### PROBLEM TO WORK ON
Type the listing below out again exactly. No images.

- - - - - - -

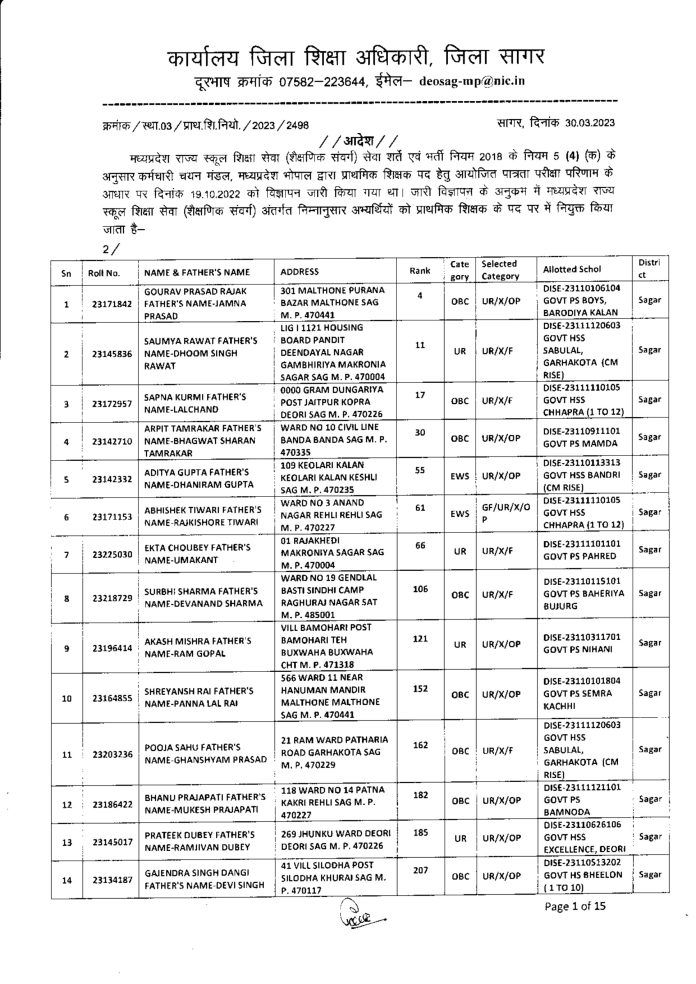 प्रशासनमध्य प्रदेशसागर / बुंदेलखंड प्राथमिक माध्यमिक शिक्षकों की नई पदस्थापना नियुक्ति आदेश जारी By खबर का असर .कॉम - March 31, 2023 0 Copy URLFlipKakao StoryGettr प्राथमिक माध्यमिक शिक्षकों की नई पदस्थापना नियुक्ति आदेश जारी सागर। प्राथमिक शिक्षक पर जिले में 214 एवं माध्यमिक शिक्षक पद पर सागर संभाग अंतर्गत 632 पदो पर नियुक्ति प्रदान की गई। जिला शिक्षा अधिकारी अखिलेश पाठक ने बताया कि
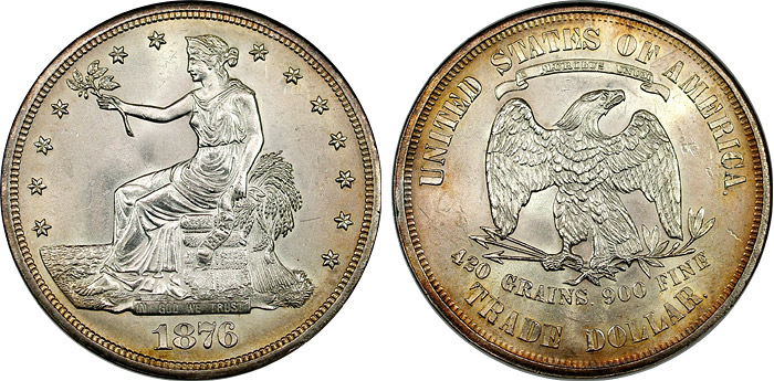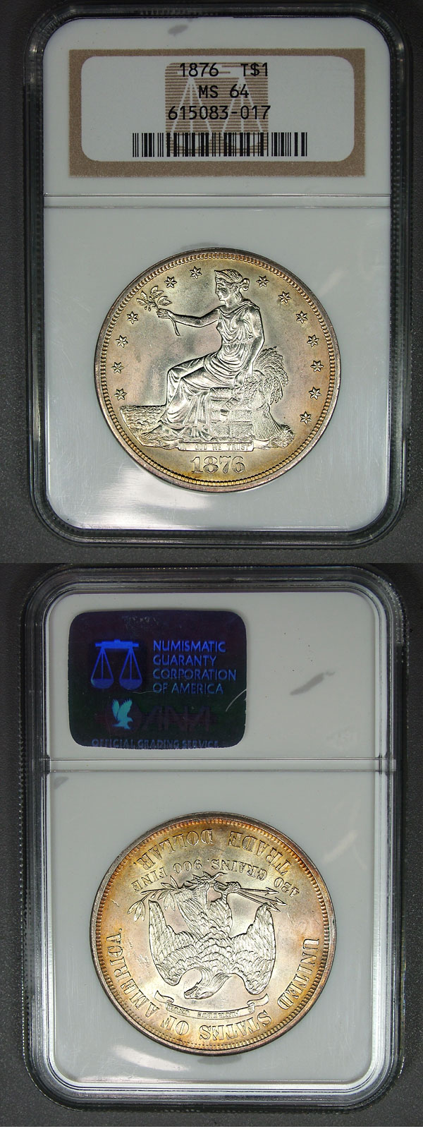 1876 $1 NGC MS64 Bright and PQ Trade Dollar
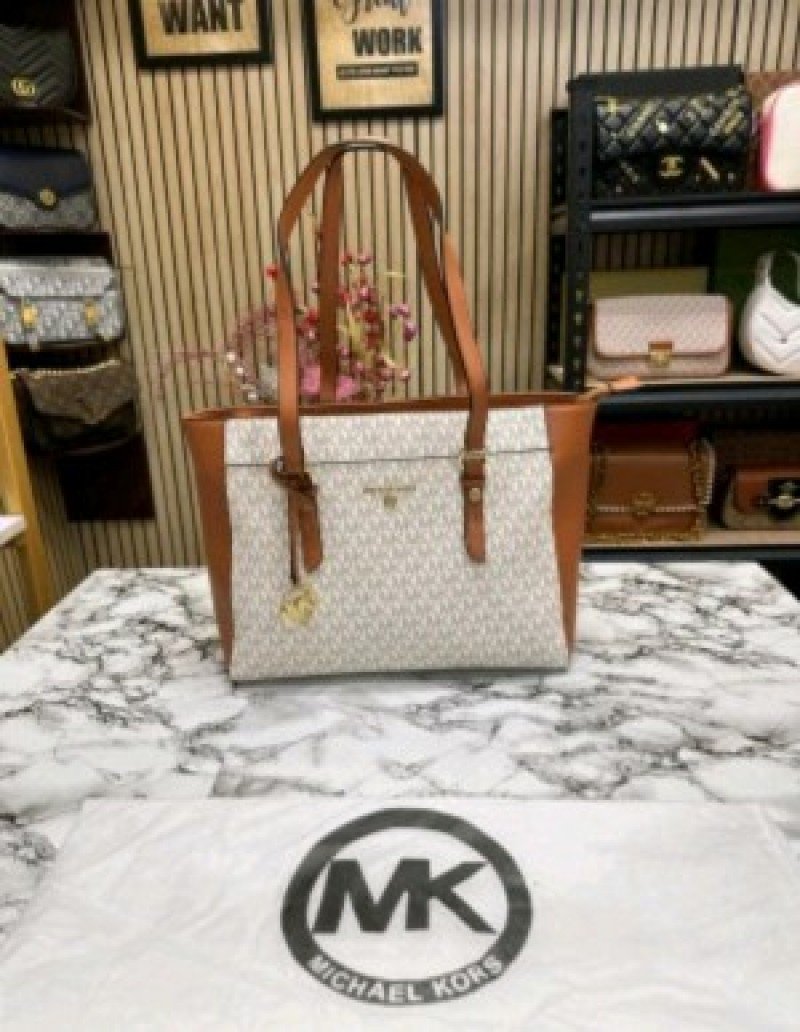 MICHAEL KORS CHARLOTTE LARGE SAFFIANO ( BIEGE BROWN )
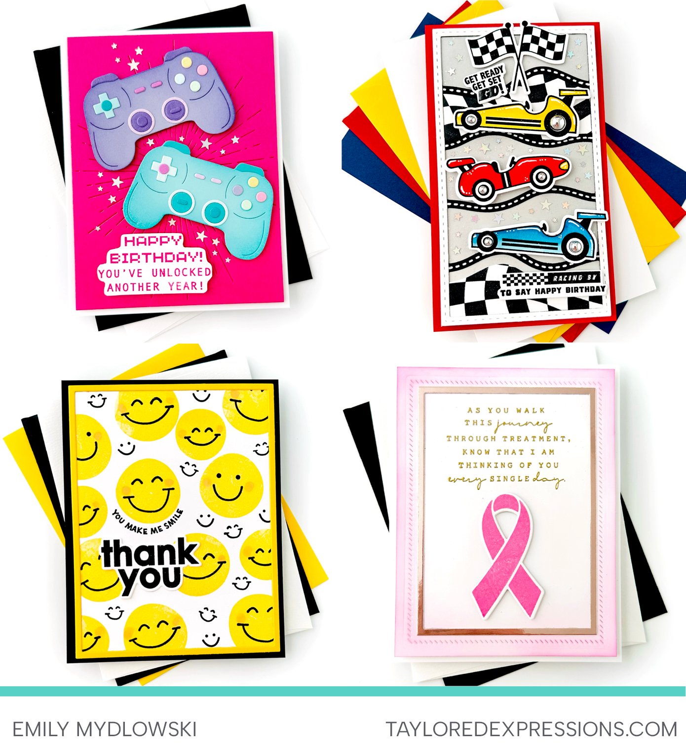 Emily Mydlowski shared a vibrant mix of Cute Combo projects! Her Level Up Stamp & Die Combo card shines with purple and teal controllers on a bright pink background, while her Fast Track card pops with classic primary colors. She brought sunny cheer to Smiley Squad using bright yellows with black and white accents, and her Hope & Healing card pairs soft pastels with a bold pink ribbon that takes center stage.
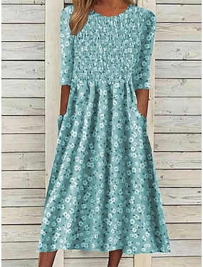 Damen Kleid-Set Sommerkleid Lässig Blumen Druck Midikleid Dreiviertelarm Rundhalsausschnitt Täglich Outdoor Blau Rosa Grün Sommer Frühling Normale Passform
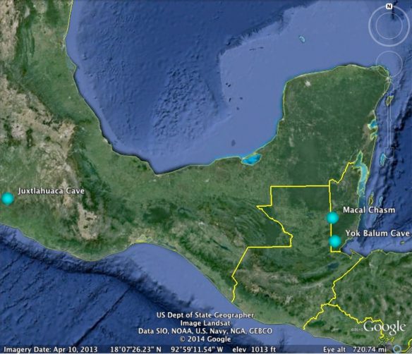 Figure 1. Map of cave locations in Mesoamerica where stalagmites were collected.
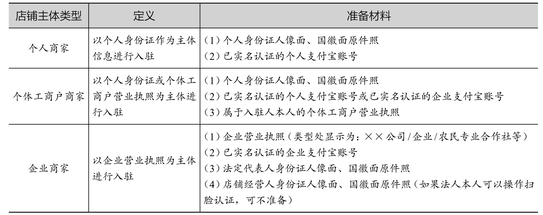 在淘宝平台上开店,商家需要根据不同的店铺主体类型和开店身份,提前准备好主体信息资质相关材料(必备)和商家身份认证相关材料(非必备),具体内容如表2-2和表2-3所示。
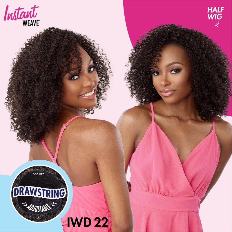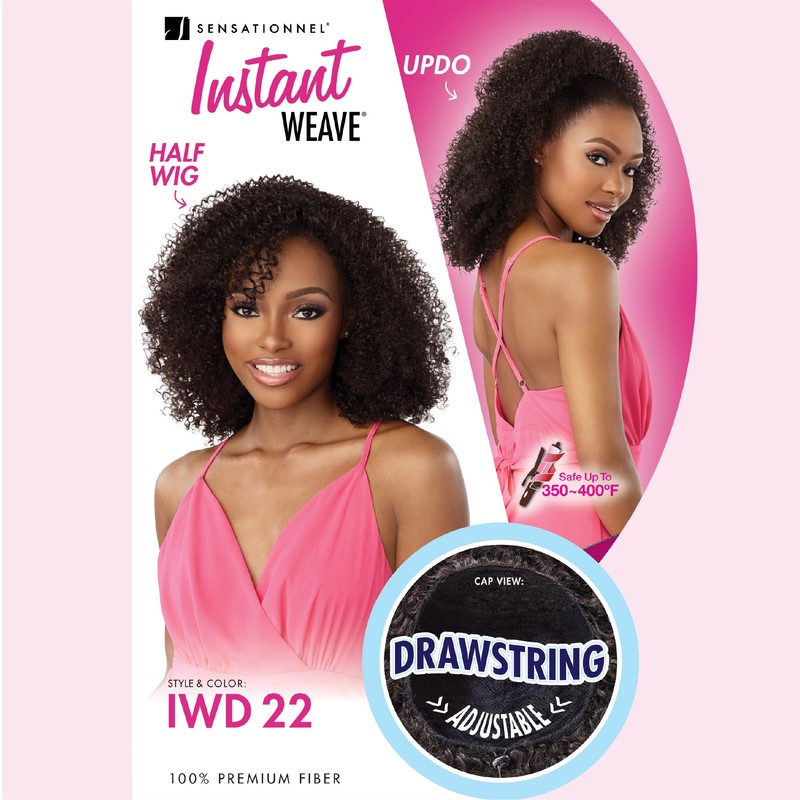 Sensationnel Instant weave half wig - iwd 22 synthetic half wig or updo cap with adjustable drawstring for seamless hair blending - Instant weave drawstring 22 (1B OFFBLACK)
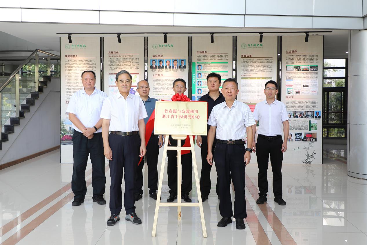 蒋剑春院士与吴家胜为竹资源与高效利用浙江省工程研究中心进行揭牌。
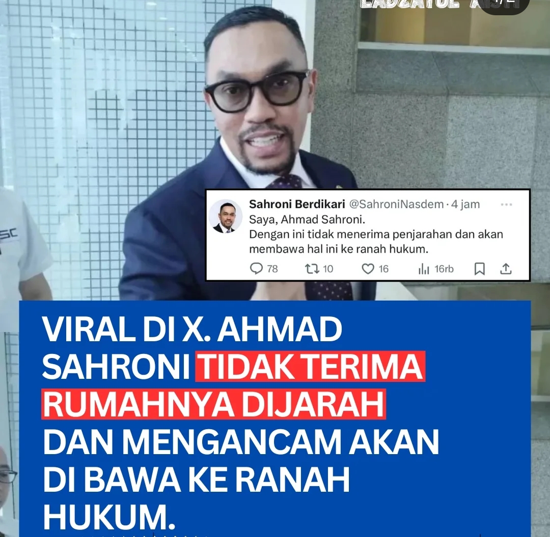 Dalam unggahan yang beredar, rumah milik politisi NasDem itu disebut menjadi sasaran amarah warga hingga mengalami kerusakan. Namun, Ahmad Sahroni membantah tudingan tersebut dan menyatakan tidak terima namanya dikaitkan dengan kerusuhan. Ia menegaskan akan membawa kasus ini ke ranah hukum untuk mencari keadilan.
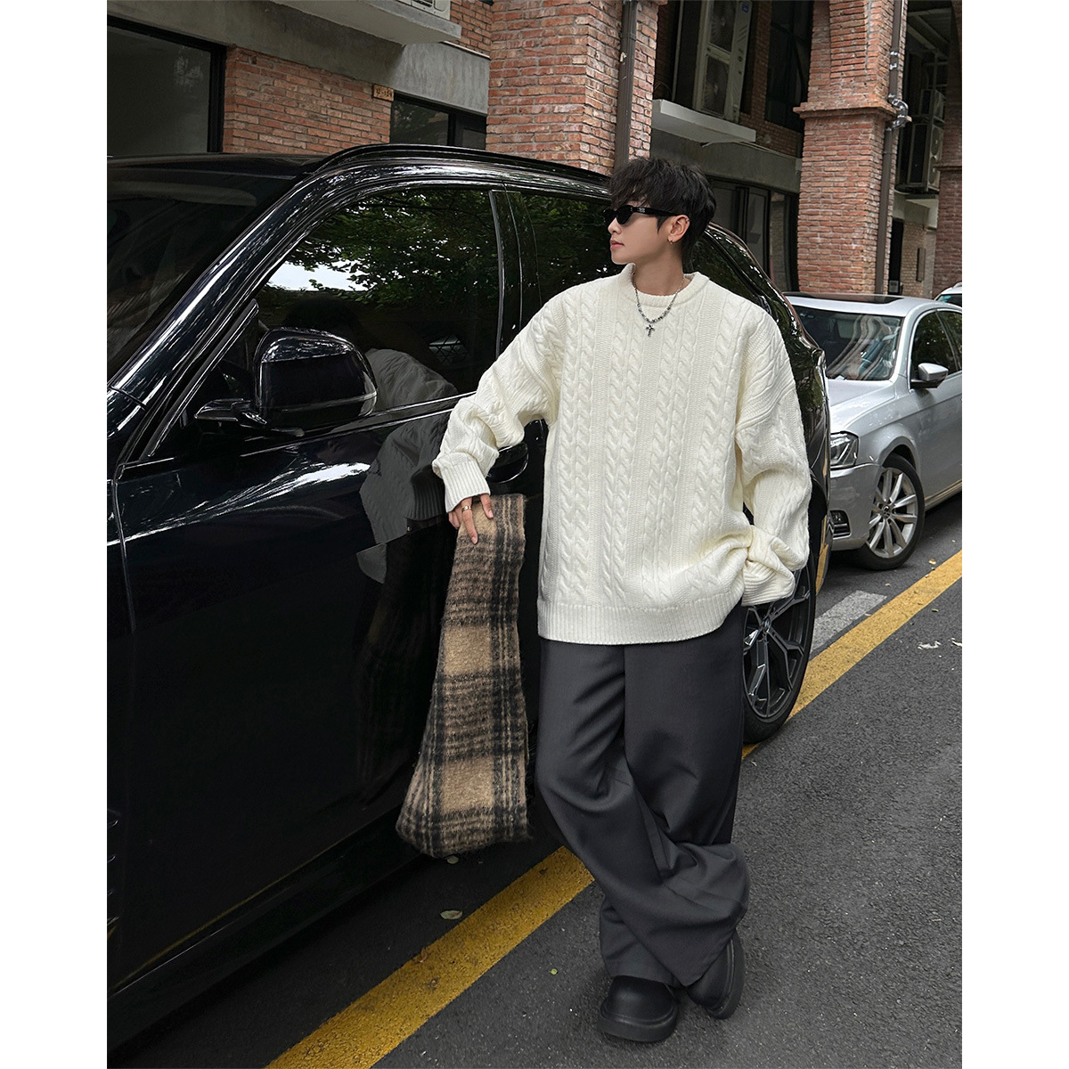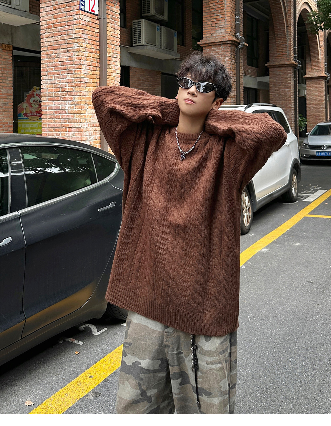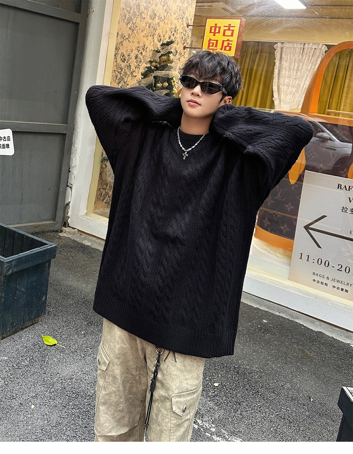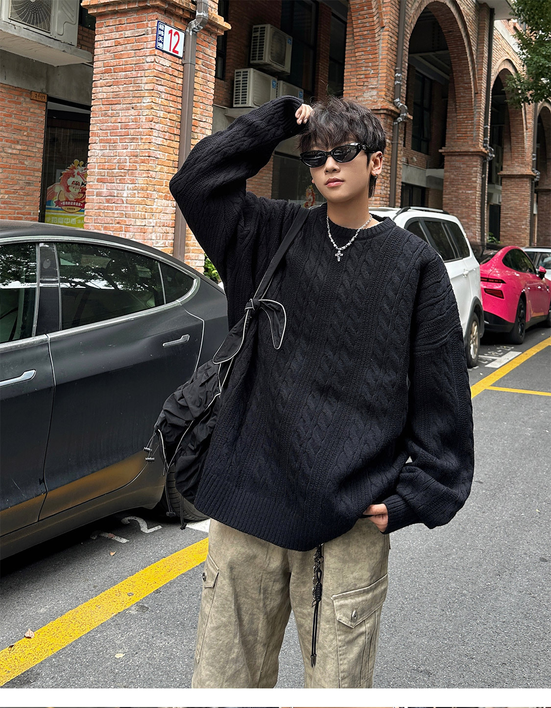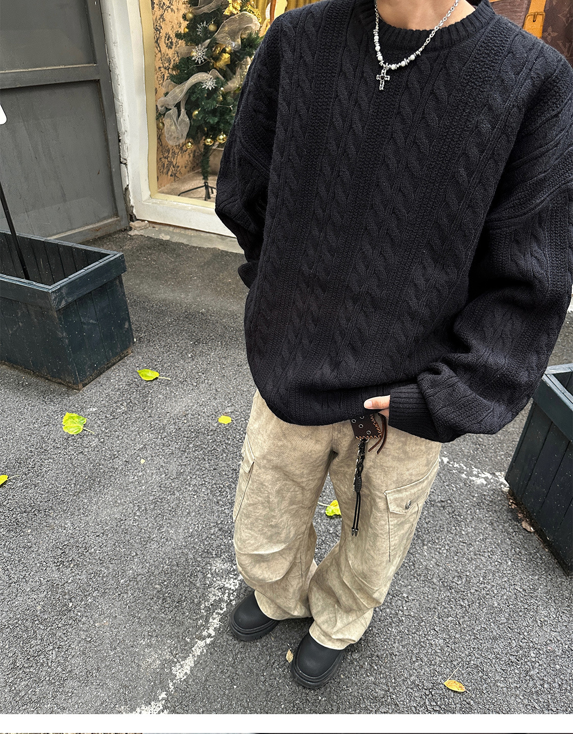 다크 그레이 트위스트 스웨터 남자의 가을과 겨울 오버 사이즈 게으른 스타일 크루 넥 재킷 패션 브랜드 하이 엔드 스웨터스토어 가기

- - - - - - -

### PROBLEM SOLUTION
 प्रशासनमध्य प्रदेशसागर / बुंदेलखंड प्राथमिक माध्यमिक शिक्षकों की नई पदस्थापना नियुक्ति आदेश जारी By खबर का असर .कॉम - March 31, 2023 0 Copy URLFlipKakao StoryGettr प्राथमिक माध्यमिक शिक्षकों की नई पदस्थापना नियुक्ति आदेश जारी सागर। प्राथमिक शिक्षक पर जिले में 214 एवं माध्यमिक शिक्षक पद पर सागर संभाग अंतर्गत 632 पदो पर नियुक्ति प्रदान की गई। जिला शिक्षा अधिकारी अखिलेश पाठक ने बताया कि
 1876 $1 NGC MS64 Bright and PQ Trade Dollar
 MICHAEL KORS CHARLOTTE LARGE SAFFIANO ( BIEGE BROWN )
 Emily Mydlowski shared a vibrant mix of Cute Combo projects! Her Level Up Stamp & Die Combo card shines with purple and teal controllers on a bright pink background, while her Fast Track card pops with classic primary colors. She brought sunny cheer to Smiley Squad using bright yellows with black and white accents, and her Hope & Healing card pairs soft pastels with a bold pink ribbon that takes center stage.
 Damen Kleid-Set Sommerkleid Lässig Blumen Druck Midikleid Dreiviertelarm Rundhalsausschnitt Täglich Outdoor Blau Rosa Grün Sommer Frühling Normale Passform
 Figure 1. Map of cave locations in Mesoamerica where stalagmites were collected.
 在淘宝平台上开店,商家需要根据不同的店铺主体类型和开店身份,提前准备好主体信息资质相关材料(必备)和商家身份认证相关材料(非必备),具体内容如表2-2和表2-3所示。
 Sensationnel Instant weave half wig - iwd 22 synthetic half wig or updo cap with adjustable drawstring for seamless hair blending - Instant weave drawstring 22 (1B OFFBLACK)
 蒋剑春院士与吴家胜为竹资源与高效利用浙江省工程研究中心进行揭牌。
 Dalam unggahan yang beredar, rumah milik politisi NasDem itu disebut menjadi sasaran amarah warga hingga mengalami kerusakan. Namun, Ahmad Sahroni membantah tudingan tersebut dan menyatakan tidak terima namanya dikaitkan dengan kerusuhan. Ia menegaskan akan membawa kasus ini ke ranah hukum untuk mencari keadilan.
 다크 그레이 트위스트 스웨터 남자의 가을과 겨울 오버 사이즈 게으른 스타일 크루 넥 재킷 패션 브랜드 하이 엔드 스웨터스토어 가기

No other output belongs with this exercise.